### Your task
The answer is the full listing below, copied exactly, with its pictures omitted.
### Given material
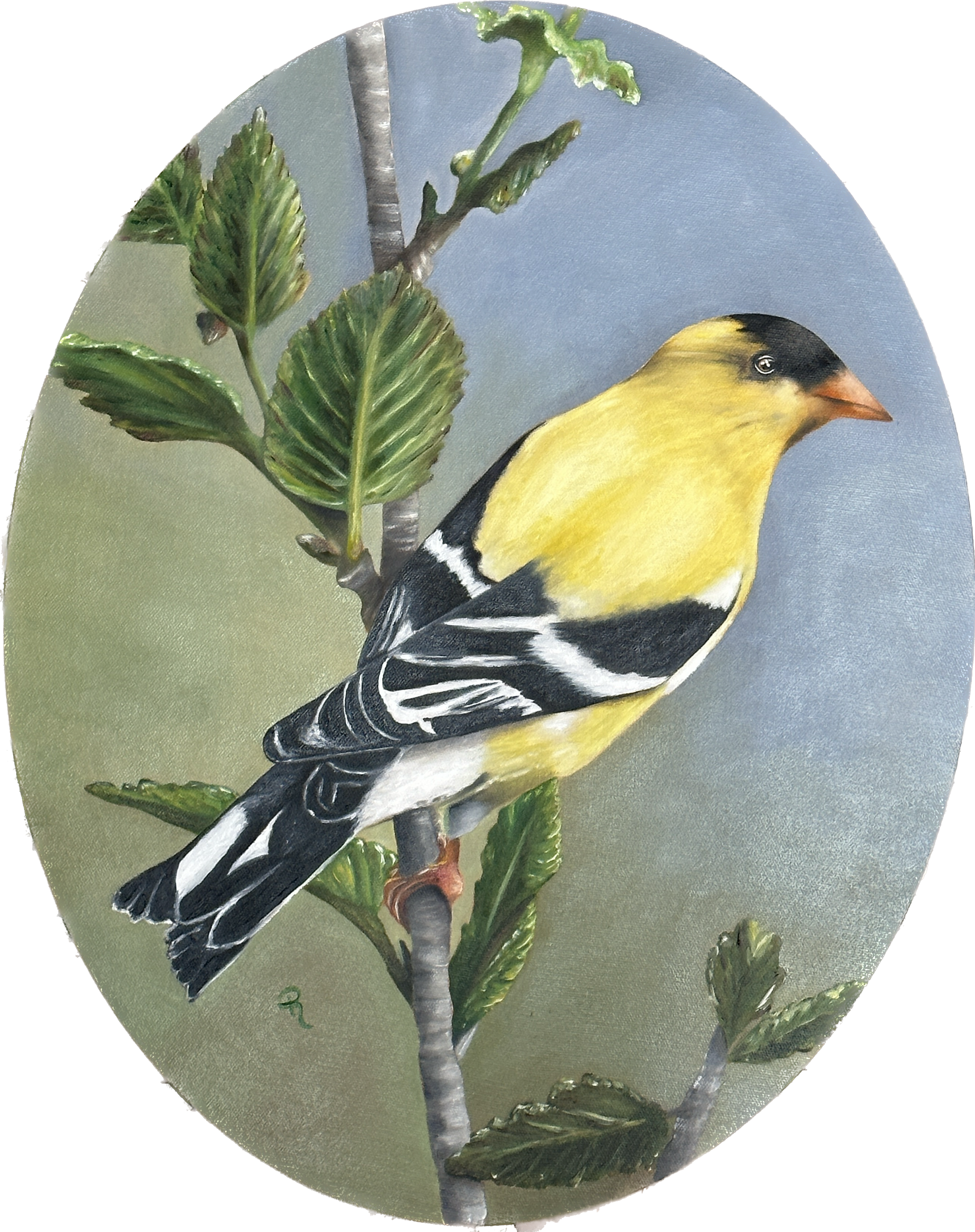- Oil on stretched canvas: 16" x 20" Oval
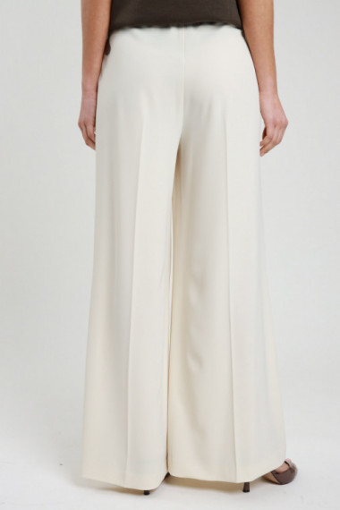 Pantalone a Palazzo Elasticizzato con Pences e Elastico in Vita. 97%pl 3%ea
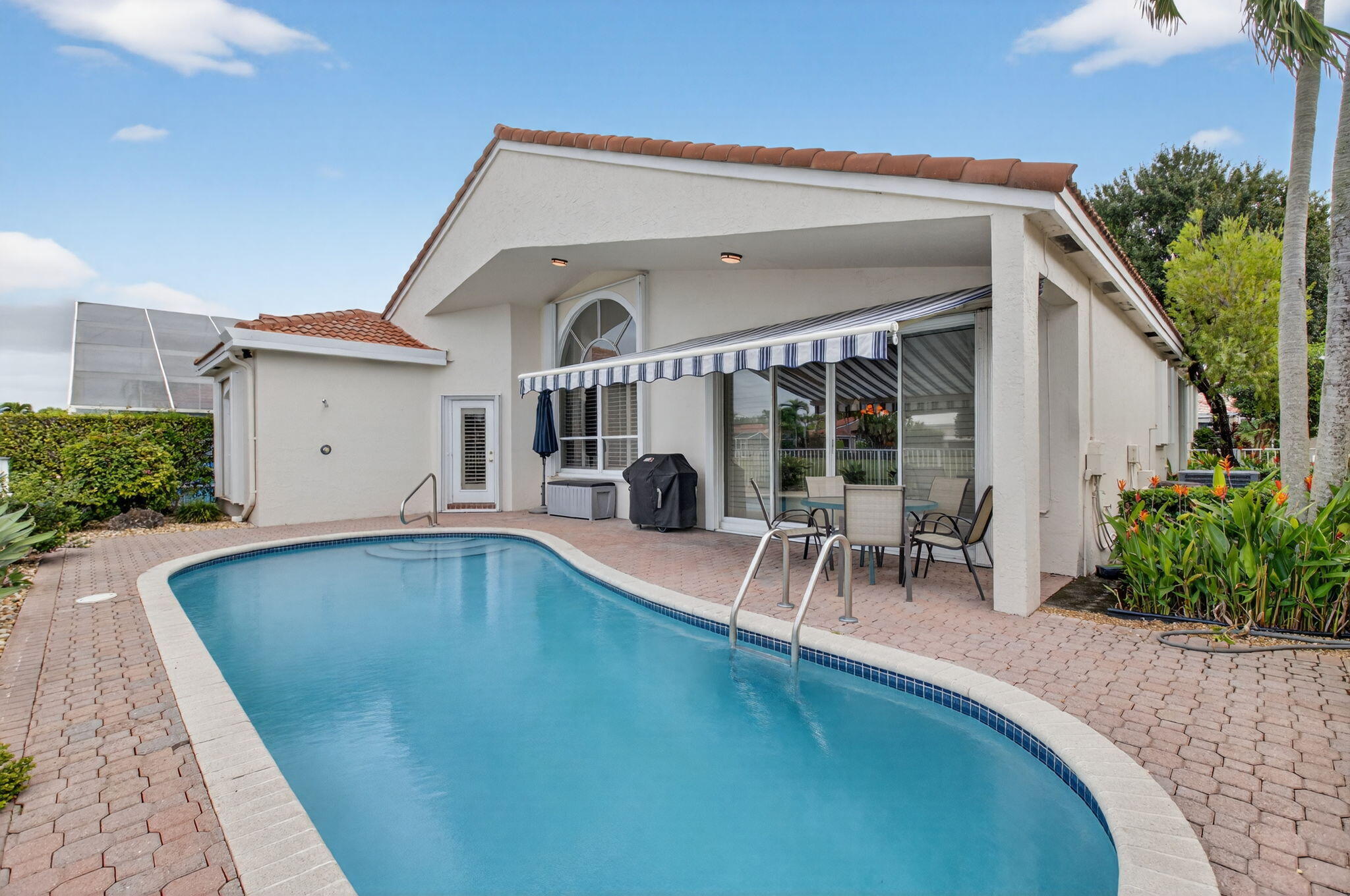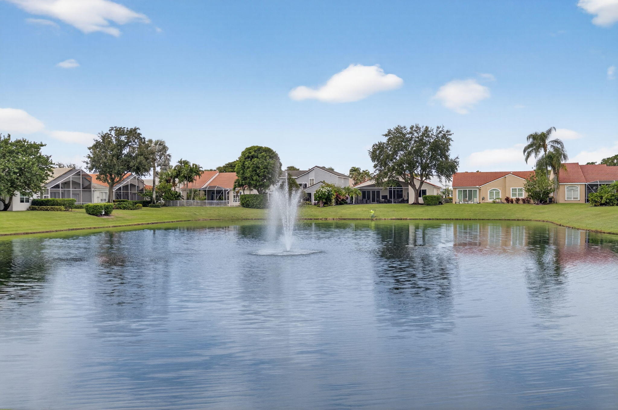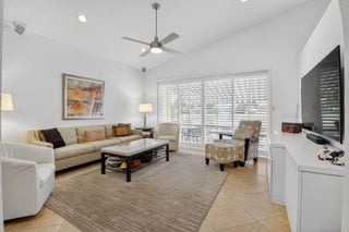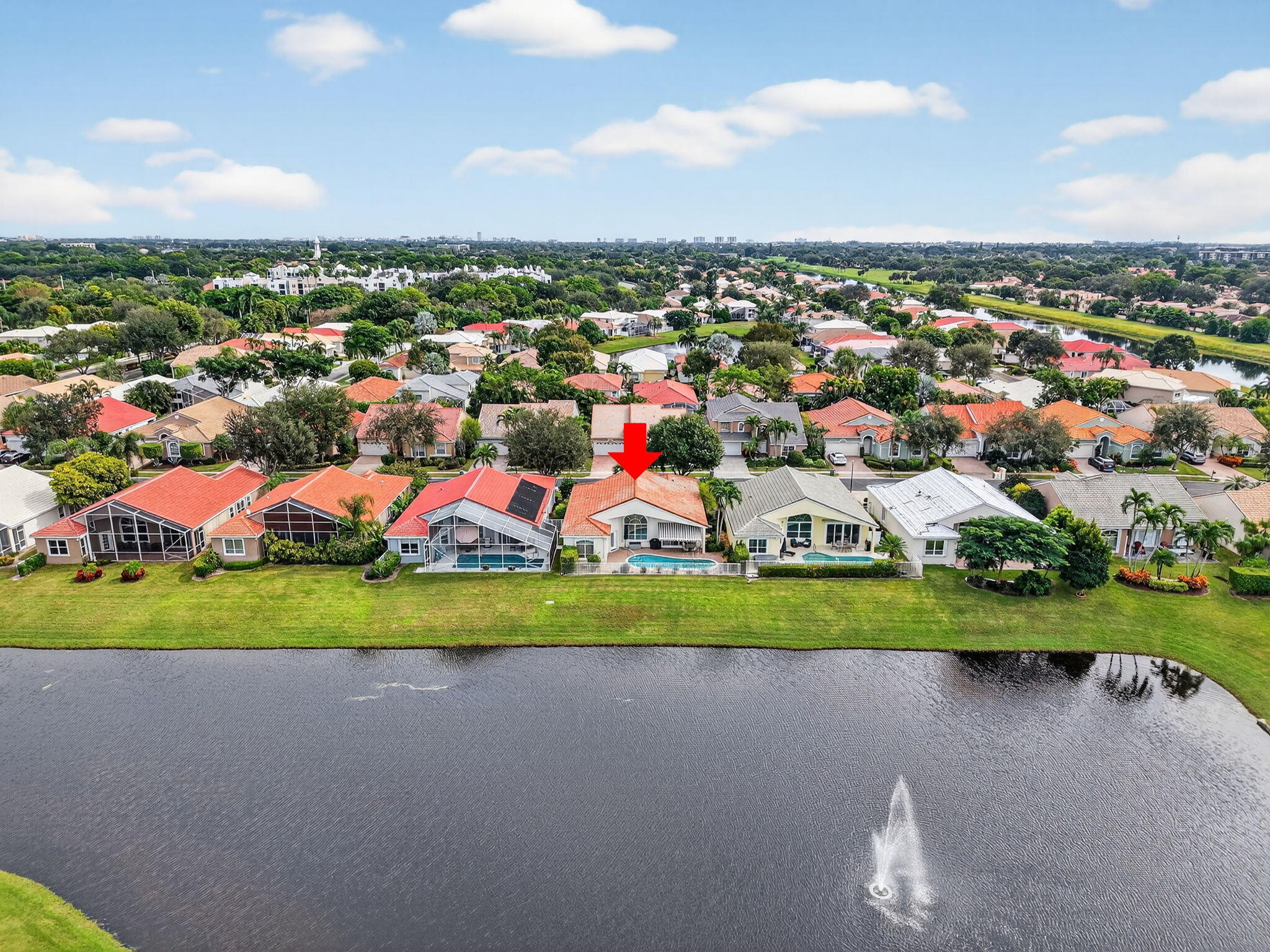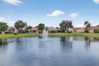 Enjoy the incredible sunset views overlooking the expansive lake & fountain from your own tropical paradise. The patio area has an electric awning which makes it so enjoyable on those bright days. Spotless and meticulously maintained 1-story home with 3 bedrooms & 2.1 baths plus 2-car garage. Ceramic tile and engineered wood flooring. Plantation shutters throughout. The kitchen has real wood cabinetry, granite counters & a full granite backsplash. The master bedroom features fully outfitted closets & en suite bath with dual sinks. New central vacuum system & new washer & dryer. Hurricane resistant garage door & accordion shutters.Situated within the highly sought-after, manned-gated community of Costa Del Sol at Boca Pointe, residents enjoy a low-maintenance lifestyle with cable, common areas, and 24-hour security included in the HOA. Optional membership at the Club at Boca Pointe offers access to an 18-hole championship golf course designed by Jack Nicklaus, a world-class tennis facility, state-of-the-art fitness center, resort-style pool, fine dining, and a vibrant calendar of social events, all without mandatory equity fees. Ideally located in central Boca Raton, this home is just minutes from Town Center Mall, Mizner Park, Downtown Boca, pristine beaches, and top-rated Palm Beach County schools. With its prime location, open layout, and access to the best of South Florida living, this home is an incredible opportunity to experience the luxury, comfort, and convenience of Boca Pointe living.
######
### Exercise response
- Oil on stretched canvas: 16" x 20" Oval
 Pantalone a Palazzo Elasticizzato con Pences e Elastico in Vita. 97%pl 3%ea
 Enjoy the incredible sunset views overlooking the expansive lake & fountain from your own tropical paradise. The patio area has an electric awning which makes it so enjoyable on those bright days. Spotless and meticulously maintained 1-story home with 3 bedrooms & 2.1 baths plus 2-car garage. Ceramic tile and engineered wood flooring. Plantation shutters throughout. The kitchen has real wood cabinetry, granite counters & a full granite backsplash. The master bedroom features fully outfitted closets & en suite bath with dual sinks. New central vacuum system & new washer & dryer. Hurricane resistant garage door & accordion shutters.Situated within the highly sought-after, manned-gated community of Costa Del Sol at Boca Pointe, residents enjoy a low-maintenance lifestyle with cable, common areas, and 24-hour security included in the HOA. Optional membership at the Club at Boca Pointe offers access to an 18-hole championship golf course designed by Jack Nicklaus, a world-class tennis facility, state-of-the-art fitness center, resort-style pool, fine dining, and a vibrant calendar of social events, all without mandatory equity fees. Ideally located in central Boca Raton, this home is just minutes from Town Center Mall, Mizner Park, Downtown Boca, pristine beaches, and top-rated Palm Beach County schools. With its prime location, open layout, and access to the best of South Florida living, this home is an incredible opportunity to experience the luxury, comfort, and convenience of Boca Pointe living.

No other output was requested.